Image result for analysisAnalysis of ‘The Fast Food Restaurant’: The student’s discourse abilities were judged to be impaired for his age/grade level. His retelling was vague and nonspecific and was punctuated by frequent false starts characteristic of word retrieval difficulties.  To illustrate, he first began to state that one of the boys had a broken arm but then self-corrected and was able to explain that the arm was merely sore.  Rather than displaying appropriate anaphoric referencing and referring to both boys by names, he nonspecifically referred to both of them as “one guy” and “another guy”.

The student also did not adequately delve into the complexity of the social scenario. Rather than adequately explaining that one boy’s chance at a preferred activity at his job is jeopardized by his friend’s supposed injury, he imprecisely responded “One’s one’s ah Mike is not you know he’s (unintelligible) he is not being very generous. Also, also the other one is getting all wound up over a sore arm”, which is an inadequate explanation of the problem in the presented scenario.

The student’s answers were nonspecific as he did not appropriately identify the problem in the scenario nor offer an effective solution to it. His response in reference to the lack of cooperation between the two boys lacked concrete details, and his solution: “bargain” and “talk” was too vague to qualify as an adequate response to the scenario.
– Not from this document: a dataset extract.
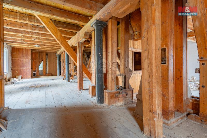 Nabízíme na prodej jedinečný areál spojující kouzlo historie s moderním energetickým potenciálem. Součástí je funkční malá vodní elektrárna (MVE) s platným vodním právem, Francisovou turbínou o výkonu 25 kW, spádem 1,55 m a průtokem 2,4 m³/s. Vlastní náhon a odtok zajišťují nezávislý provoz. Dominantou areálu je historický Červený (Zdeborovský) mlýn s původní technologií – pračkou a loupačkou obilí, mlýnskými kameny na špaldovou mouku a autentickými prvky (trámy, kamenné zdi, vysoké stropy). Velkorysé vnitřní prostory s vysokými stropy nabízejí široké možnosti využití – od rekonstrukce na stylové bydlení po turistické či gastro projekty. Součástí prodeje jsou také dva rodinné domy (3+1 a 2+1) a přilehlé stavby s celkovou užitnou plochou 934 m². Celý komplex stojí na pozemcích o rozloze 41 670 m², z toho 12 217 m² tvoří vodní plocha. Tento unikátní objekt je ideální příležitostí pro investory, podnikatele i ty, kdo hledají spojení historie, přírody a soběstačné energetiky.

The student presented with difficulty assuming perspectives of both characters in the scenario (Mike and Peter) and had difficulty explaining what type of a mutually agreeable solution both boys could possibly reach.  The student’s sentence structure lacked adequate syntactic complexity and contained a number of awkwardly phrased sentences marked by significant word retrieval difficulties in the form of word phrase revisions, repetitions as well as pauses.

Impressions: Informal discourse analysis revealed deficits in the areas of semantics, syntax, word finding, problem-solving, perspective taking as well as social communication. Therapeutic intervention is strongly recommended to improve these abilities for social and academic purposes.

As you can see from the above sample, the PCR tasks possess terrific versatility and can reveal a great deal of information about adolescent students’ discourse, problem-solving, social communication abilities. Consequently, I highly recommend them as part of the adolescent language and literacy assessments.